• What is expected: Write out again, unchanged, the line that has "Simmer for 3-5" and each following line through the end of the entries below; leave pictures out.

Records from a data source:
▬▬▬▬▬▬

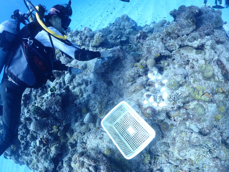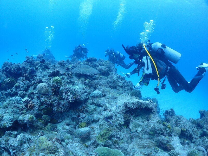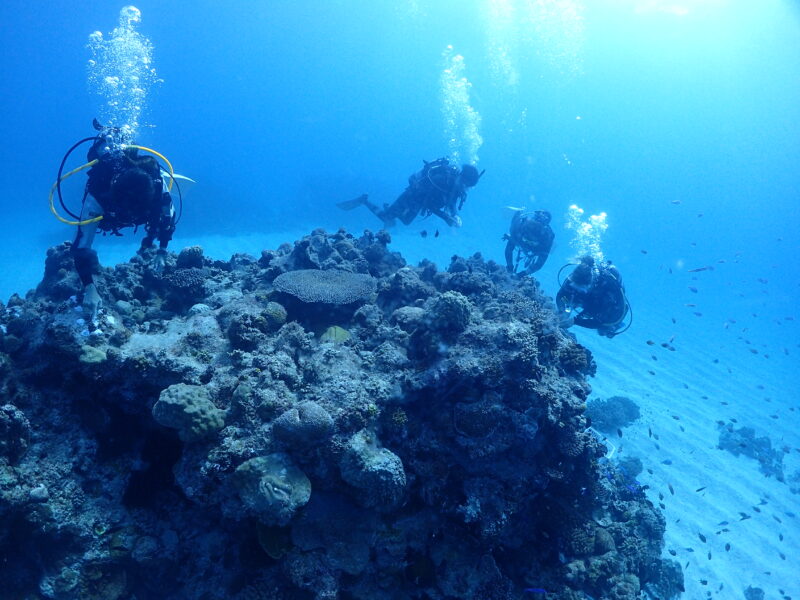 今日は、美ら海振興会の活動でサンゴの植え付けダイブ&レイシガイ駆除で
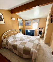 A l'étage, une chambre en mezzanine offre un espace intime et confortable, avec une belle hauteur sous plafond, apportant charme et caractère à l'ensemble.
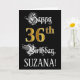 La façade de cette carte de voeux d'anniversaire élaborée et opulente comprend le message "Joyeux 36e anniversaire", ainsi qu'un nom de destinataire personnalisé. Une partie du message est dans un texte élégant de style script. Le grand numéro "36th" présente un motif d'allure imitation or. L'arrière - plan est noir de couleur. L'intérieur a un message de voeux d'anniversaire modifiable, ou peut-être peut-être être effacé et laissé vide si un message doit être écrit à la main à la place. Une carte de voeux d'anniversaire ornée et customisée comme celle-ci pourrait être un moyen respectable d'envoyer un message de voeux d'anniversaire à quelqu'un qui célèbre son trente-sixième anniversaire. [~Z0000559]
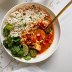 Simmer for 3-5 minutes and add the diced tomato and 14 ounce can of coconut milk. Stir to combine.
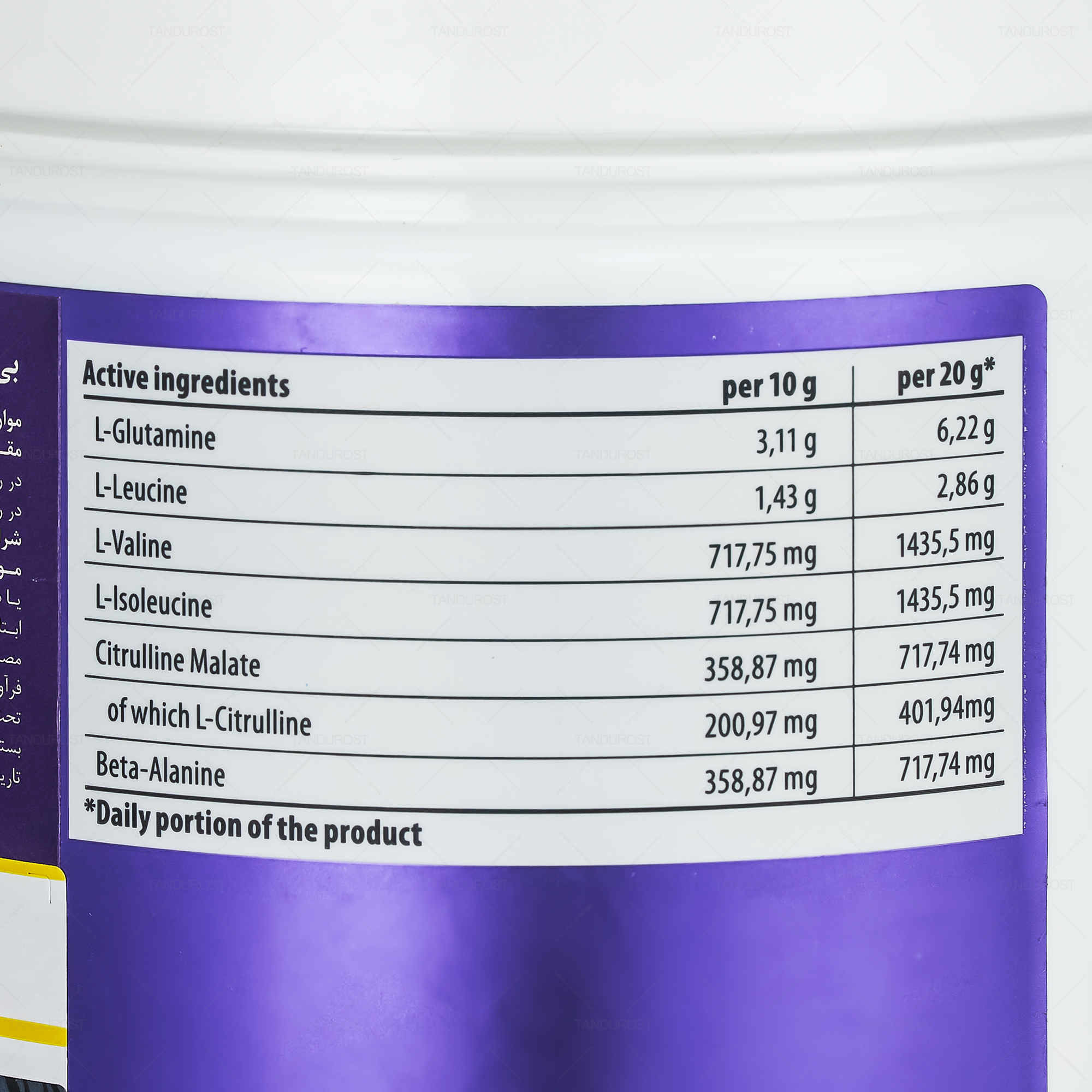 ارزش غذایی هر پیمانه | 1.5 گرم بی سی ای ای، 1.5 گرم گلوتامین، 180 میلی گرم سیترولین مالات، 180 میلی گرم بتاآلانین |
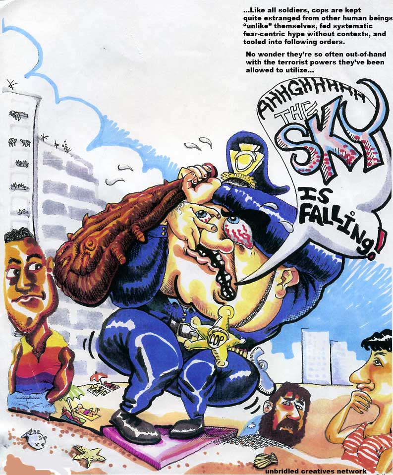 We step back and we see a military structure from "top" to "bottom"--the jargons keeping all the specialized implementers of policy separated, the reductions of what it is "to work", to be "professional", to be "responsible" and "mature", and so on. Others have and can articulate this much better than i. (2) For instance:
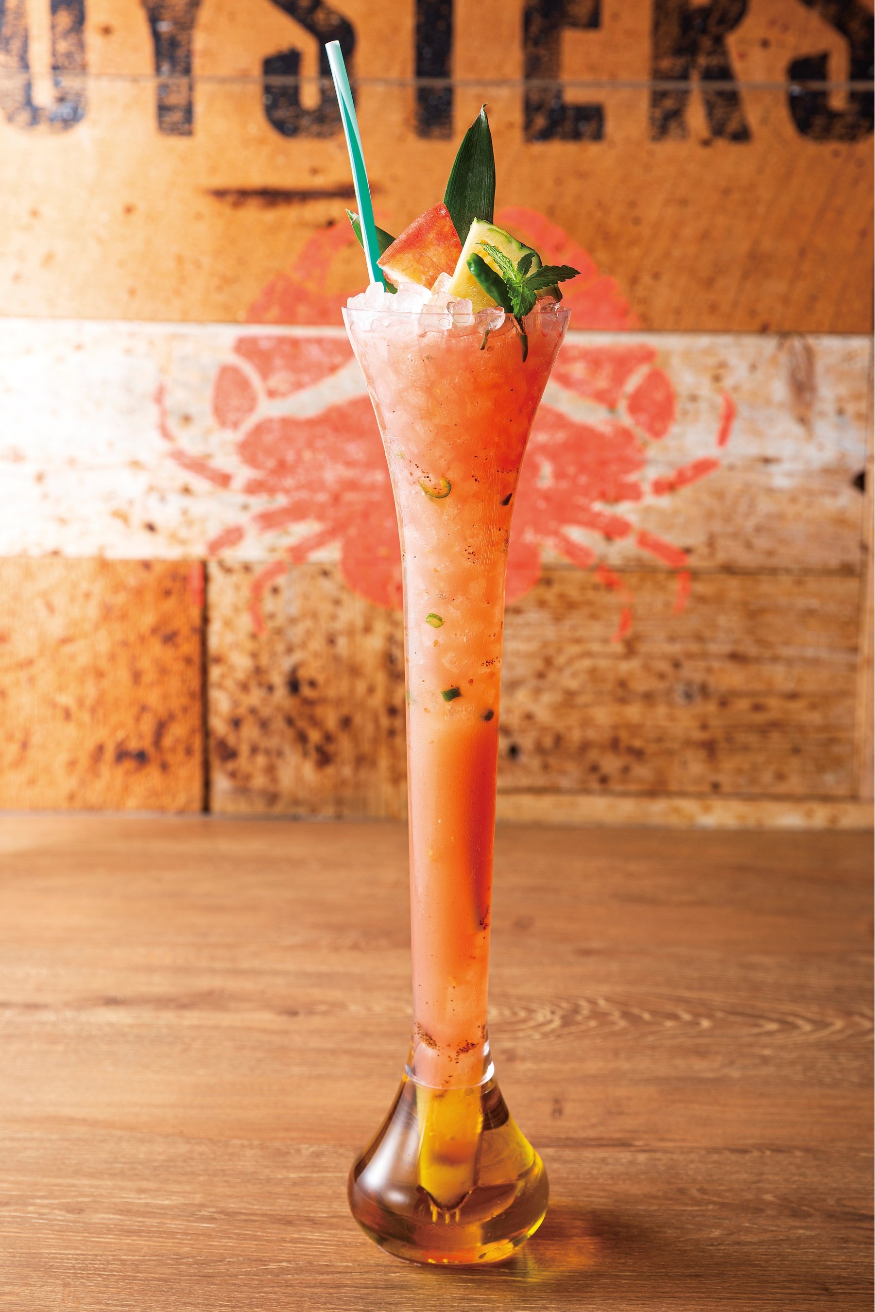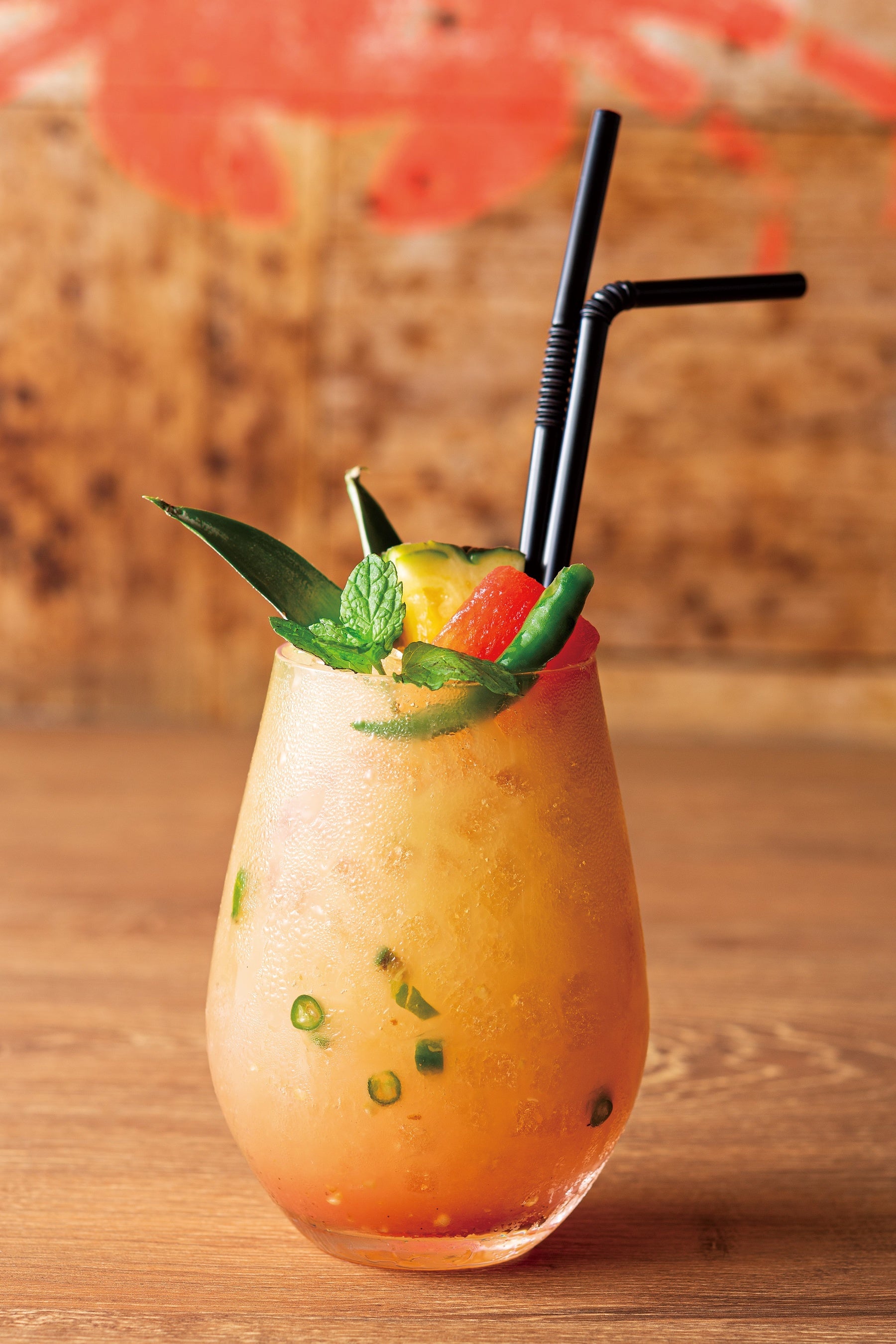 スイカ&パイナップルジュースにテキーラを合わせ、カットしたフルーツをのせた夏らしいカクテル。唐辛子を入れてピリッとスパイシーに。

▬▬▬▬▬▬

• Solved problem:
 Simmer for 3-5 minutes and add the diced tomato and 14 ounce can of coconut milk. Stir to combine.
 ارزش غذایی هر پیمانه | 1.5 گرم بی سی ای ای، 1.5 گرم گلوتامین، 180 میلی گرم سیترولین مالات، 180 میلی گرم بتاآلانین |
 We step back and we see a military structure from "top" to "bottom"--the jargons keeping all the specialized implementers of policy separated, the reductions of what it is "to work", to be "professional", to be "responsible" and "mature", and so on. Others have and can articulate this much better than i. (2) For instance:
 スイカ&パイナップルジュースにテキーラを合わせ、カットしたフルーツをのせた夏らしいカクテル。唐辛子を入れてピリッとスパイシーに。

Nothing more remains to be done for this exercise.